To set the style of figures made after that point, use set_style.
sns.set_style("ticks")
To temporarily set the style for one function, use the context manager axes_style in a with block. The example below (adapted from Seaborn’s tutorial) loops over the four Seaborn styles and temporarily applies them for one plot using axes_style.
f = plt.figure(figsize=(8, 2))
styles = ["darkgrid", "white", "ticks", "whitegrid"]
gs = f.add_gridspec(1, len(styles))
x = np.linspace(0, 14, 100)
for i, style in enumerate(styles):
with sns.axes_style(style):
ax = f.add_subplot(gs[i])
n = 6
for j in range(1, n + 1):
plt.plot(x, np.sin(x + j * .5) * (n + 2 - j))
ax.set_title(style)
Creating figures using Seaborn#
Seaborn is designed to take data from a DataFrame to make a range of different plot types.
Seaborn functions take a DataFrame and various keyword arguments that specify which columns should be used to determine different aspects of the plot. The most commonly used arguments are x, the variable to plot on the x-axis; y, the variable to plot on the y-axis; and hue, the variable that determines which data points should be displaed in different colors.
g = sns.catplot(
data=conditions, # data frame to take variables from
x="probe_type", # variable to plot on the x-axis
y="RT", # variable to plot on the y-axis
hue="response", # variable to split by to determine different colors
kind="bar", # kind of plot to use (varies by Seaborn function)
height=3 # height of the figure in inches
)
Seaborn figure-level functions, which include displot, catplot, and relplot, return a FacetGrid object. Use the set method of FacetGrid to set properties of the figure.
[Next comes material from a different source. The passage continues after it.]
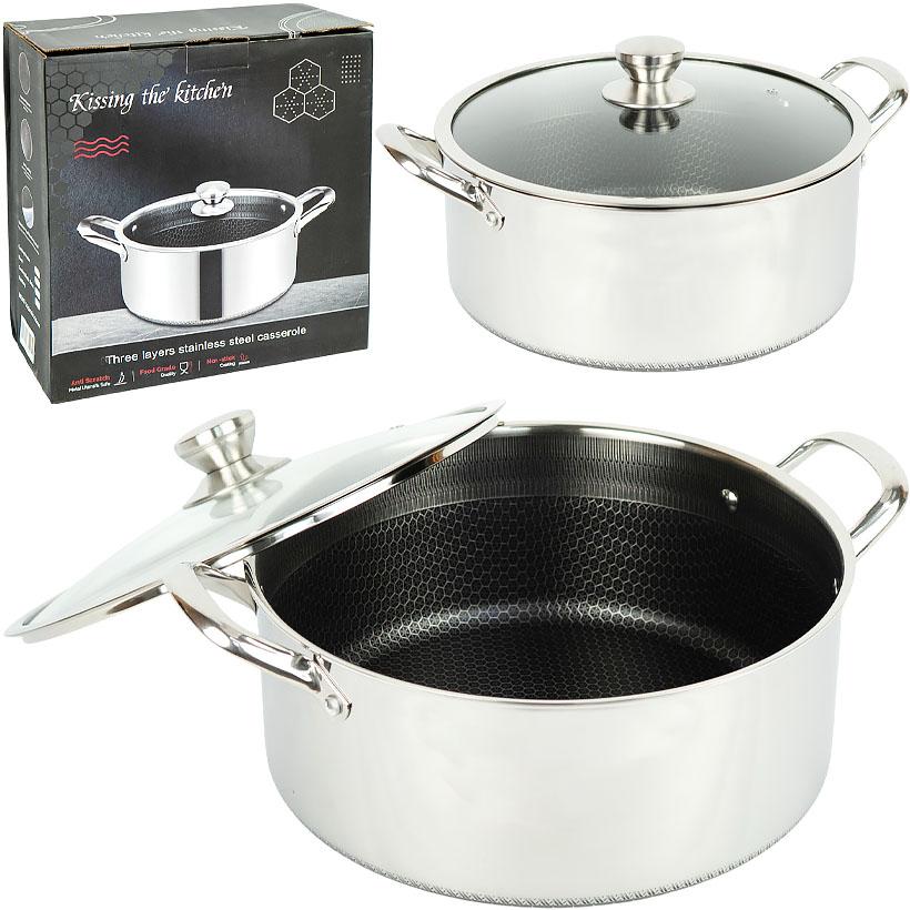 Каструля з нержавіючої сталі з антипригарним покриттям, 32 см — надійна та зручна помічниця на вашій кухні. Виготовлена з високоякісної харчової нержавіючої сталі марок 304 і 430, вона має товсті стінки та сучасну 6-шарову систему покриття. Внутрішня поверхня з сотоподібною текстурою (Honeycomb pattern) не лише запобігає пригоранню, а й полегшує очищення після приготування.

Use set_axis_labels to change the labels of the x-axis and y-axis.
g = sns.relplot(data=lures, x="lag", y="response", kind="line", height=3)
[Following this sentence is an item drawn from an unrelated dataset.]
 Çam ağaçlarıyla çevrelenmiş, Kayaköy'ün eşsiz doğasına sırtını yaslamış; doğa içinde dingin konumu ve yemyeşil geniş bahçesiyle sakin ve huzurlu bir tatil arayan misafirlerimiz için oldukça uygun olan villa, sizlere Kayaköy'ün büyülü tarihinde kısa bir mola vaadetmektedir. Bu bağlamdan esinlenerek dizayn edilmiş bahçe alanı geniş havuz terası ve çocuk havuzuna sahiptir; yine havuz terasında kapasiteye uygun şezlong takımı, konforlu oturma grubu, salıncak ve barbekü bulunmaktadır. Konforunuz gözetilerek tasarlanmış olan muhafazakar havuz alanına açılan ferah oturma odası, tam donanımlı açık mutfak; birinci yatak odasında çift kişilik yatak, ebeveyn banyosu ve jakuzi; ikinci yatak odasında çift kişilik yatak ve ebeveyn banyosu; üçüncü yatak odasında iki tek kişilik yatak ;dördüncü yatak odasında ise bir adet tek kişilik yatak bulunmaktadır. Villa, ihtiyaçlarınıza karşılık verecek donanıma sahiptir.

g.set(xlim=(0, 6), ylim=(0, 0.5))
g.set_axis_labels("Lag", "False alarm rate");
Figures may also be split into multiple columns using the col argument.
g = sns.displot(
data=perf, # take data from the perf DataFrame
x="RT", # plot RT on the x-axis
col="probe_type", # plot two columns with different probe types
kind="hist", # create a histogram
height=3, # set figure height to 3 inches
)
Using row instead will split plots by row.
g = sns.displot(
data=perf,
x="RT",
row="probe_type",
kind="hist",
height=3,
)
g.set_titles(row_template="{row_name}"); # simplify plot titles
Saving figures#
Once a figure has been generated, it can be saved to a graphics file for use in presentations.
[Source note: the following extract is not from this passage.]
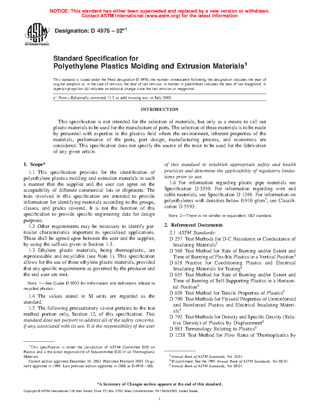 1.3 Ethylene plastic materials, being thermoplastic, are reprocessable and recyclable (see Note 1). This specification allows for the use of those ethylene plastic materials, provided that any specific requirements as governed by the producer and the end user are met.

Use savefig to save a figure to a graphics file. The type of file is automatically determine by the file extension. Here, the file name ends in ".pdf", so we get a PDF file. Another common choice is ".png", which saves to a PNG file. PNG files are supported by a wider range of software, but have limited resolution, whereas PDF files can be scaled to any size.
# g.savefig("histograms.pdf") # uncomment and run to save figure
Histogram plots#
Use displot with kind="hist" to split a variable into bins and visualize how many values there are in each bin.
sns.displot(data=perf, x="RT", kind="hist", height=3);
To visualize how a variable differs between two conditions (here, whether the trial was a lure or a target), set the hue argument to the name of the column with that condition.
sns.displot(data=perf, x="RT", hue="probe_type", kind="hist", height=3);
Kernel density estimation plots#
Use displot with kind="kde" to plot an estimate of how frequently each value of a variable is observed in a dataset.
sns.displot(data=perf, x="RT", hue="probe_type", kind="kde", height=3);
Bar plots#
Use catplot with kind="bar" to show the central tendency of one or more conditions. Each bar shows the mean of the plotted variable. By default,the error bars show a 95% confidence interval of the mean, estimated using a bootstrap method.
sns.catplot(data=perf, x="probe_type", y="response", kind="bar", height=3);
To change the orientation of the bars, switch the variables used for the x and y arguments.
sns.catplot(data=perf, x="response", y="probe_type", kind="bar", height=3);
Swarm plots#
Use catplot with kind="swarm" to plot every individual data point in different conditions without overlapping any points.
sns.catplot(data=perf, x="probe_type", y="response", kind="swarm", height=3);
Strip plots#
Use catplot with kind="strip" to plot every individual data point in different conditions within a strip. Points are allowed to overlap. Setting alpha to a value less than 1 will make points translucent, making it easier to see all the points.
sns.catplot(
data=perf,
x="probe_type",
y="response",
kind="strip",
alpha=0.3,
height=3,
);
Box plots#
Use catplot with kind="box" to make a box plot, which shows the 25th, 50th, and 75th percentiles, the range of the data, and any outliers.
g = sns.catplot(data=perf, x="probe_type", y="response", kind="box", height=3)
Scatterplots#
Use relplot with kind="scatter" to plot how two variables vary with one another in a set of observations.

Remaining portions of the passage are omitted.